**Exercise requirements**
Please write out all the data that follows exactly, without the pictures.

**Data provided**
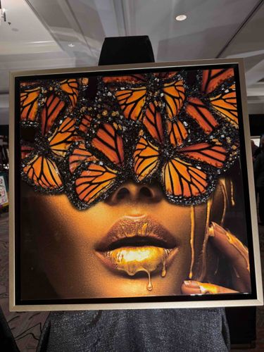 This contemporary mixed media artwork by Jay Bonadio, known as 'The Unsigned Artist', depicts a close-up portrait of a female face partially obscured by a cluster of monarch-style butterflies. The piece is characterized by a high-contrast, gold-toned color palette, where the subject's lips and skin are accented with dripping metallic gold pigment, suggesting a theme of luxury or 'Midas touch.' The composition is dominated by several orange and black butterflies that cover the upper half of the face like a mask. These butterflies appear to be embellished with crushed glass or 'shattered' diamond-like crystals, a signature technique of the artist that provides a sparkling, three-dimensional texture. The work is likely rendered on a flat substrate such as canvas or wood panel, then finished with a thick, high-gloss epoxy resin pour that encapsulates the three-dimensional elements and gives the entire piece a sleek, professional finish. The item is encased in a slim, modern silver-toned floater frame which allows the edges of the artwork to be visible. The piece displays a high level of craftsmanship in its technical execution of the resin and the intricate application of the glass shards. Based on the artist's career, this is a modern contemporary piece likely created within the last decade. The condition appears excellent with no visible yellowing of the resin or damage to the frame, maintaining its vivid saturation and reflective brilliance.
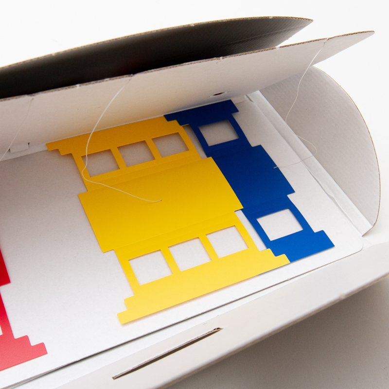 薄いプラスチックを組み立てて作り上げるモビールです。軽さが特徴のため、わずかな空気の動きでゆらゆらと動きます。
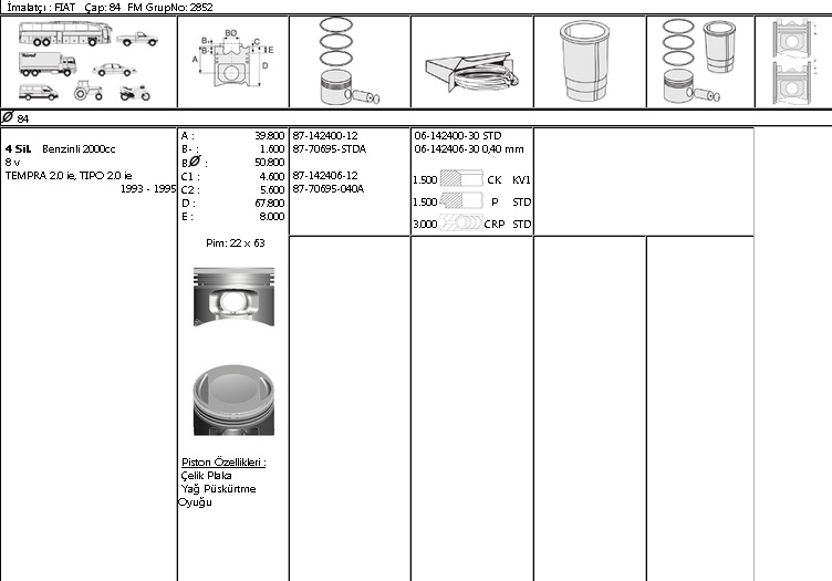 PİSTON SEGMAN 8770695 040 8714240612 TEMPRA 2.0 8V 84MM
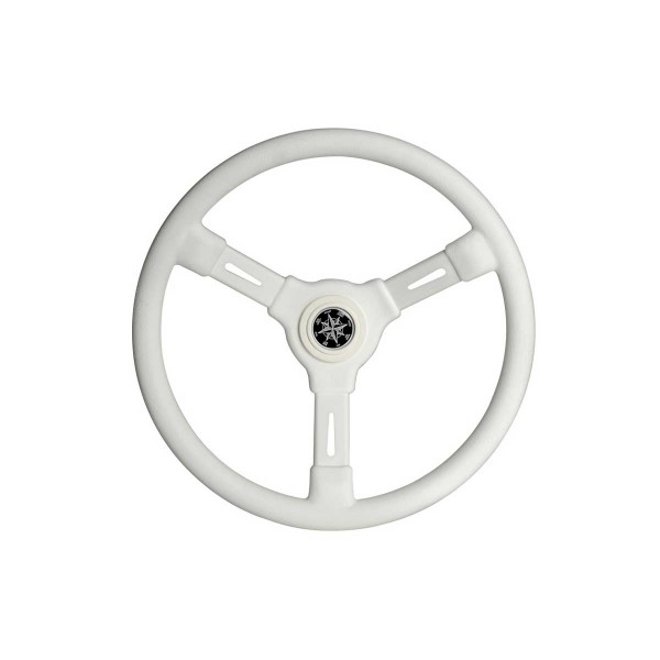 Il volante anatomico bianco a 3 razze ha un mozzo centrale con cono universale e un diametro esterno di 35,5 cm per una versatile installazione a bordo.

**Task result**
 This contemporary mixed media artwork by Jay Bonadio, known as 'The Unsigned Artist', depicts a close-up portrait of a female face partially obscured by a cluster of monarch-style butterflies. The piece is characterized by a high-contrast, gold-toned color palette, where the subject's lips and skin are accented with dripping metallic gold pigment, suggesting a theme of luxury or 'Midas touch.' The composition is dominated by several orange and black butterflies that cover the upper half of the face like a mask. These butterflies appear to be embellished with crushed glass or 'shattered' diamond-like crystals, a signature technique of the artist that provides a sparkling, three-dimensional texture. The work is likely rendered on a flat substrate such as canvas or wood panel, then finished with a thick, high-gloss epoxy resin pour that encapsulates the three-dimensional elements and gives the entire piece a sleek, professional finish. The item is encased in a slim, modern silver-toned floater frame which allows the edges of the artwork to be visible. The piece displays a high level of craftsmanship in its technical execution of the resin and the intricate application of the glass shards. Based on the artist's career, this is a modern contemporary piece likely created within the last decade. The condition appears excellent with no visible yellowing of the resin or damage to the frame, maintaining its vivid saturation and reflective brilliance.
 薄いプラスチックを組み立てて作り上げるモビールです。軽さが特徴のため、わずかな空気の動きでゆらゆらと動きます。
 PİSTON SEGMAN 8770695 040 8714240612 TEMPRA 2.0 8V 84MM
 Il volante anatomico bianco a 3 razze ha un mozzo centrale con cono universale e un diametro esterno di 35,5 cm per una versatile installazione a bordo.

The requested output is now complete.